岩田榮吉の人物と経歴
人物点描
オルドゥネール通りから(その2 ルーヴル美術館へ)
美術館に展示中の絵の前にイーゼルを立て、模写をする人…日本の美術館ではまず見かけない光景ですが、欧米では珍しいことではないようです。ルーヴル美術館では、年間の許可人数が制限されており、順番待ちに何年もかかるとか。やっと許可を得ても与えられる期間は3か月、一般の観覧者もいる中で集中するのはなかなか難しいと思われますが、質の高い収蔵品を常時展示し画家や研究者に資することも旨としているのは流石です。

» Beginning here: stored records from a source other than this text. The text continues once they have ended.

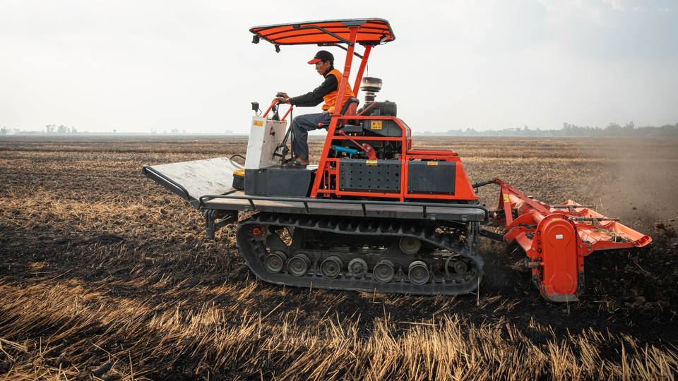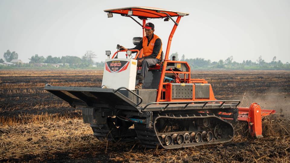 HOGICO 75VN 70HP Tractor sobre orugas de alta resistencia 4WD Tractor agrícola de pista de goma para terrenos húmedos, arrozales y labranza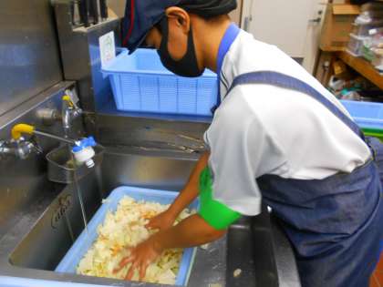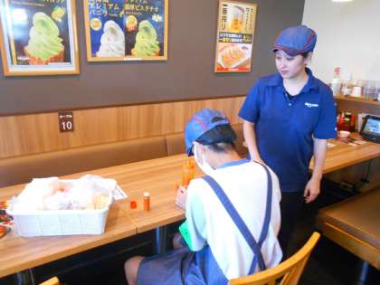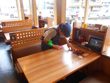 窓ふき、テーブルふき、七味の補充、野菜の水洗いをお店の方に教わりながら丁寧にしていました。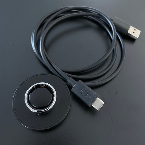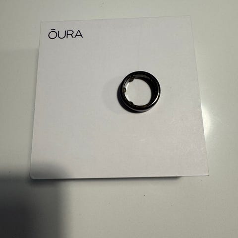 Oura sormus, väri musta, koko 6. Akunkesto on 3-4 päivää. Normaalia kulumaa läheltä tarkastellessa. Mukana laturi, joka toimii USB C-kaapelilla, kaapelia ei tule mukana.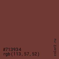 Цвет #713934 в цветовой модели RGB обозначается тремя октетами (113, 57, 52) в десятичном формате и #713934 в шестнадцатиричном (hex) формате, которые являются интенсивностью красного 113 (hex 71), интенсивность зелёного 57 (hex 39) и интенсивность синего 52 (hex 34).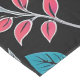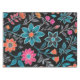 This seamless pattern features a variety of colourful flowers and leaves on a dark background. The flowers are in a variety of colours, including red, orange, yellow, pink, purple, and blue. The leaves are blue and grey.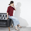 すっきりとした五分袖の袖口には、リブを緩めにつけることで、着やすさと細見え効果を狙いました。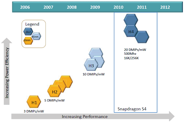 Системы-на-чипе компании Qualcomm с ядрами Krait стали первыми чипами для мобильных устройств, выпущенными на основе самого современного техпроцесса 28 нм. Хотя компания сотрудничает одновременно с производителями TSMC и Global Foundries, первые чипы семейства производятся на фабрике тайваньской TSMC. Для этих микросхем используется обычный техпроцесс 28 нм «LP», а не 40 нм «LPG», как для NVIDIA Tegra 3, например. О разнице в техпроцессах мы подробно писали в предварительном обзоре системы-на-чипе NVIDIA.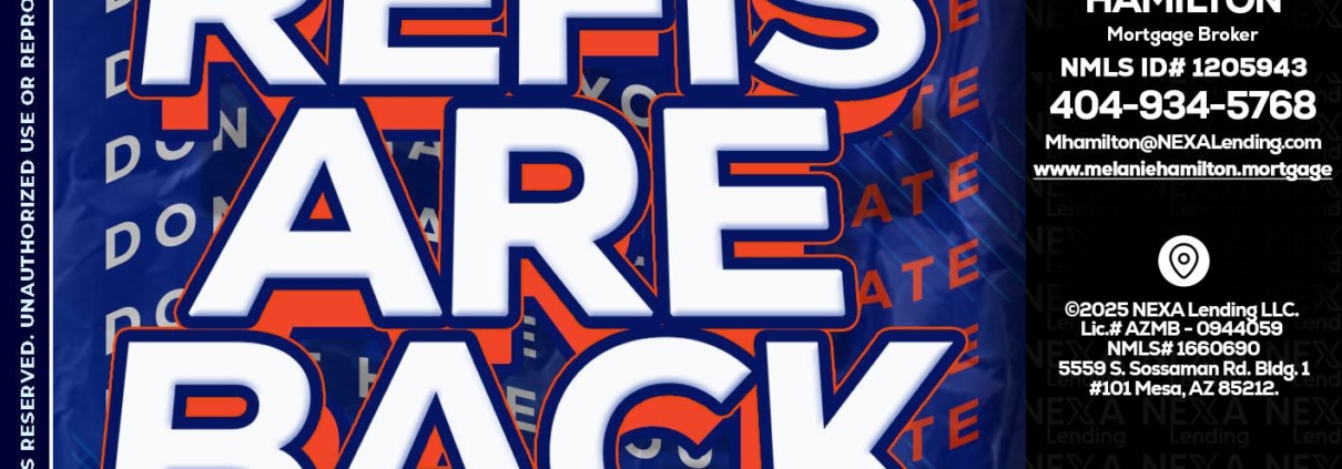 Hi, my name is Melanie Hamilton. I’m a Loan Officer with NEXA Mortgage LLC., offering personalized mortgage solutions, fast customized quotes, great rates and service with integrity.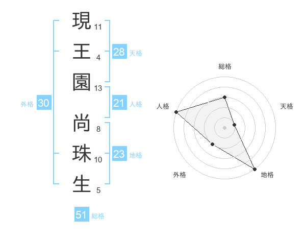 現王園 尚珠生さんの総格は51画の3点!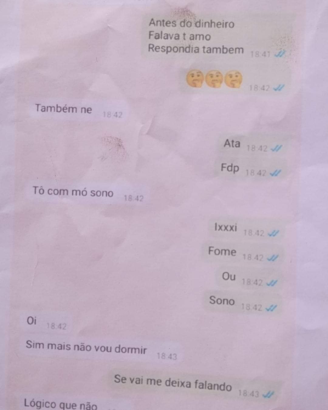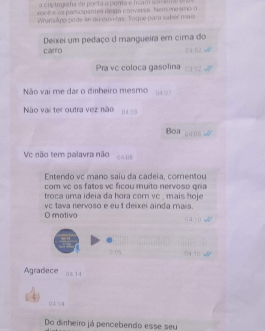 Nos prints divulgados por Camila, Juninho Virgilio (genro) e Edielson Oliveira (sogro) trocam declarações picantes e conversam sobre empréstimos de dinheiro. Em um trecho da conversa, Edielson chega a cobrar reciprocidade do genro: “Antes do dinheiro falava ‘te amo’, respondia…”.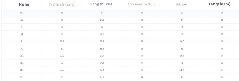 Size: 2XS,XS,S,M,L,XL,2XL,3XL,4XL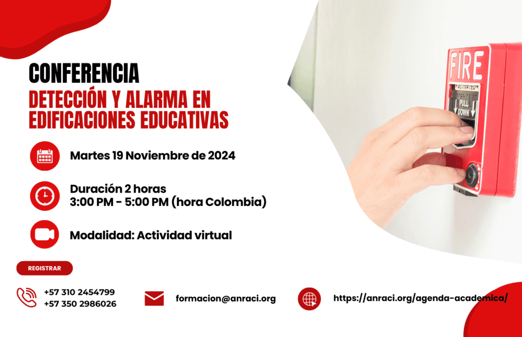 Academia 2024BlogEventos por ANRACI - 7 noviembre 20247 noviembre 2024Conferencia Virtual: Detección y Alarma en Edificaciones EducativasEsta conferencia proporciona al participante los principales criterios de diseño, las tipologías de sistemas de detección y alarma en edificaciones educativas.La conferencia ofrece buenas prácticas para la instalación, el uso y mantenimiento de sistemas de DetecciónConferencia: Detección y Alarma en Edificaciones EducativasInscribirmeDirigido A:Directores de Infraestructura en Instituciones EducativasJefes de Mantenimiento en en Instituciones EducativasResponsables de infraestrutura educativaPersonal de mantenimientoPersonal de proyectos y HSEQInstaladoresInspectoresCuándo y Dónde.¿Cuándo?Martes, 19 de Noviembre de 2024.¿Dónde?Modalidad Virtual¿Cuál es el Horario?De 3:00 pm a 5:00 pm (Hora Local Colombia GMT -5)InscribirmeMetodología.Esta conferencia se desarrollará de manera virtual.La formación incluye una galería de vídeos e imágenes que complementan los conocimientos en el tema de Detección y Alarma contra incendiosInscribirmePrograma Académico.InicioFinDuración(Min)ActividadResponsable15:0015:033Registro e ingreso a la plataforma.Asistentes al Evento.15:0315:107Bienvenida y presentación del certamen.ANRACI.15:1015:2515Introducción: Marco Normativo y Legislación aplicable.Ing. William Pacheco- Mapache.15:2515:5530 1. Tecnologías de detección aplicables a Edificaciones EducativasIng. William Pacheco- Mapache.15:5516:25302. Sistemas de Audio evacuación.Ing. Carlor Guerrero- Potter Signal.16:2516:55303. Buenas prácticas de instalación y funcionamiento.Ing. Carlor Guerrero- Potter Signal.16:5517:005Cierre de Actividades.ANRACI.InscribirmeConferencistasWilliam Pacheco, Gerente Técnico de MapacheIngeniero William Pacheco.William es Ingeniero Electrónico con amplio conocimiento en gestión de diseño, implementación, precommissioning y commissioning de sistemas contra incendio para la industria petrolera.William es Master en Project Management y tiene una gran experiencia en la aplicación de normativa para montajes industriales contra incendio y gestión de proyectos en todas las áreas de conocimiento y grupos de procesos.Actualmente se desempeña como Gerente Técnico de MaPache Mantenimientos y Montajes LTDA, organización de la cual es Socio Fundador.Carlos GuerreroIngeniero Electrónico (+30 años) con estudios de maestría en Ingeniera Electrónica.Actualmente se desempeña como Latin America Regional Sales Manager & Field Technical Support de POTTER.Certificado Especialista de la NFPA en Protección de Incendios (CFPS) e IPM de sistemas de rociadores (CEIPMSR).Bombero graduado (+25 años). Miembro del grupo asesor de la NFPA del programa Certified Fire Protection Specialist (CFPS).Líder de equipo ganador del premio ALAS – 2.017 (sector público) como el 2do. Mejor Proyecto de Seguridad de América Latina y el Caribe. Miembro activo de ANRACI y AMRACI, formando parte de los respectivos comités de Detección y Alarmas de Incendios (ANRACI y AMRACI).Instructor ALAS en Detección de incendios, CCTV nivel 1 e Intrusión.Articulista de importantes revistas especializadas de la región. Diseñador Líder de múltiples proyectos en sistemas de detección y alarmas de incendios. Consultor en sistemas de bombas contra incendios, detección y alarmas de incendios y supresión de incendios con agente limpio / CO2. Facilitador de cursos varios en protección contra incendios.Dilatada experiencia en dirección de obras de sistemas de protección contra incendios (extinción y detección).Amplia experiencia como Gerente Técnico en empresas del sector.Inscripciones.Realiza tu inscripción en el siguiente botón:InscribirmeUna vez realizada tu inscripción, en próximos días recibirás un correo en el que te suministraremos información adicional para la asistencia al evento.Al inscribirte aceptas voluntariamente nuestros términos y condiciones y nuestra política de privacidad, la cual puede ser consultada en http://anraci.org/politica-de-privacidad/Constancia de asistencia.La asistencia al evento será certificada por ANRACI, para lo cual es importante tener presente los siguientes aspectos.La inscripción en el evento debe llevarse a cabo a través de la plataforma electrónica dispuesta para tal fin.La asistencia al evento es totalmente gratuita.El certificado de asistencia del evento será realizado por Anraci y tendrá costo de $178.500 COP – 45 USDEl certificado se otorgará a las personas que diligencien su asistencia conforme con las indicaciones dadas durante el evento.Nota: El presente evento no otorga créditos (académicos) dentro de la Estructura Académica establecida por Anraci.El certificado solo acredita la asistencia a la conferencia.InversiónSi deseas obtener la certificación de tu asistencia, deberás pagar por el certificado $178.500 COP – 45 USD, pero si eres asociado ANRACI, obtienes un descuento del 20% en tu certificadoForma de Pago.En Anraci queremos ofrecerte la mayor cantidad de posibilidades para que puedas efectuar tus pagos, tenemos varias opciones para que puedas elegir la que más se ajuste a tus necesidades.Tu comodidad es muy importante para nosotros!A continuación te contamos las alternativas que tenemos para ti!Transferencia BancariaDe igual forma, podrás hacer tus pagos a través de transferencia bancaria, esta alternativa esta habilitada para pagos tanto en Colombia como desde el exterior.Tan solo debes indicarnos que la transferencia bancaria es tu elección y nosotros te proporcionaremos los datos necesarios para realizar la transacción.Para transacciones en Colombia también podrás hacer tu pago por medio de consignación bancaria.Tarjetas de Crédito.Nuestra pasarela de pagos es Wompi, de Bancolombia, aceptamos todas las tarjetas de crédito.Puedes hacer el pago de tu Curso utilizando tu tarjeta de crédito. El cargo puede ser efectuado de forma presencial o utilizando 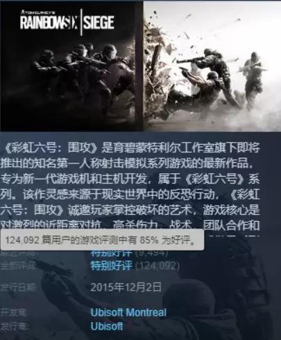 其实《彩虹六号:围攻》自2015年12月在Steam发行以来,已经收到了12万多条评价,其中85%的玩家给予了好评。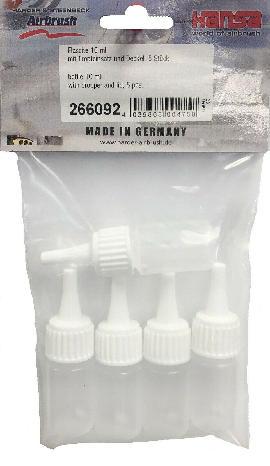 Harder&Steenbeck HS-266092 Пластиковая бутыль 10 мл с пипеткой и крышкой, 5 шт.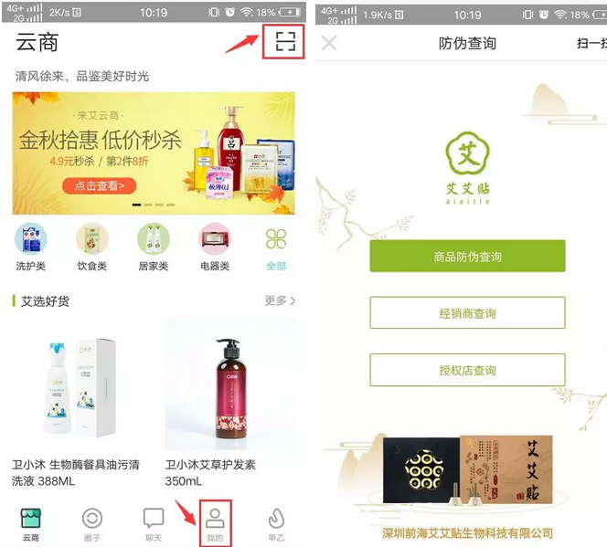 1、下载并打开“来艾”APP,点击首页右上角扫描防伪二维码,或者进入“我的”—“防伪查询”,即可查询真伪。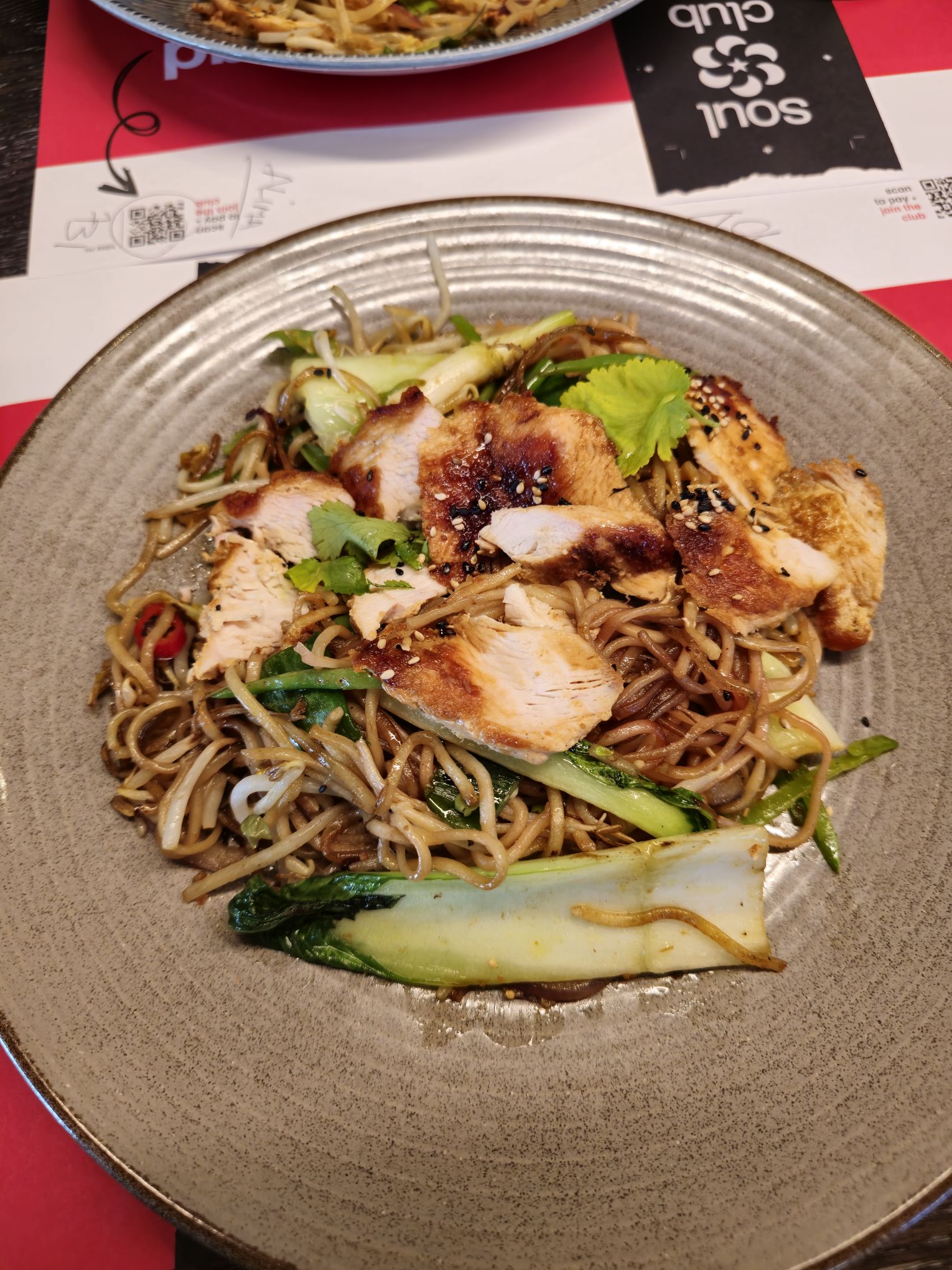 - chicken teriyaki soba – a lovely dish with crunchy veggies and plenty of crispy chicken. Not gonna lie, I put the rest of the gyoza dipping sauce on top – scrumptious! (£15.50)

岩田は模写はしなかったようですが、やはりルーヴルには事あるたびに足を運んでいたことが歌田眞介著『油絵を解剖する』にうかがわれます。
『
岩田栄吉氏がフランスから一時帰国したとき、不躾な質問をしたことがある。岩田さんの絵は写実である。モデルなり静物なりを描くのになぜパリにいるのか、日本でも描けるではないか、と。それに対して岩田さんは次のように話された。『日本にルーブルがありますか?私も日本人だから日本で仕事をしたい。しかし、写実的な仕事をしていても行きづまることがある。どうしていいか迷ったとき、ルーブルへ行けば必ず解決方法が見つかるのです。日本にルーブルがあったら飛んで帰りたい』』
ー2002年 日本放送協会刊より
岩田のアトリエがあるオルドゥネール通り189番からルーヴル美術館まではメトロを乗り継いで40分ほど。フランス絵画が多いのはもちろんのことですが、イタリア・スペイン絵画とほとんど同じくらいの点数の北方ヨーロッパ絵画が収蔵されています。リシュリュー翼3階(フランス流では2階)には、フェルメールをはじめ、レンブラント、ピーテル・デ・ホーホ、ヘラルト・テル・ボルフ、ヤン・ステーン、サミュエル・ファン・ホーホストラーテンなど、おそらく岩田が参考にしたであろう作品が目白押しです。
ヨハネス・フェルメール 《レースを編む女》 1669〜70頃
キャンバス/油彩 24cm×21cm ルーヴル美術館蔵
今日ルーヴル美術館には、岩田の敬愛するフェルメールの作品2点《レースを編む女》と《天文学者》が収蔵されています。しかし、岩田はここで《天文学者》を目にすることはありませんでした。
《天文学者》は戦時中ナチスに押収され、戦後に所有者のロートシルト家(フランスのロスチャイルド家)に返還されたものが、岩田の没後1982年に相続税の一部としてフランス政府に物納され、ルーヴルに収蔵されているからです。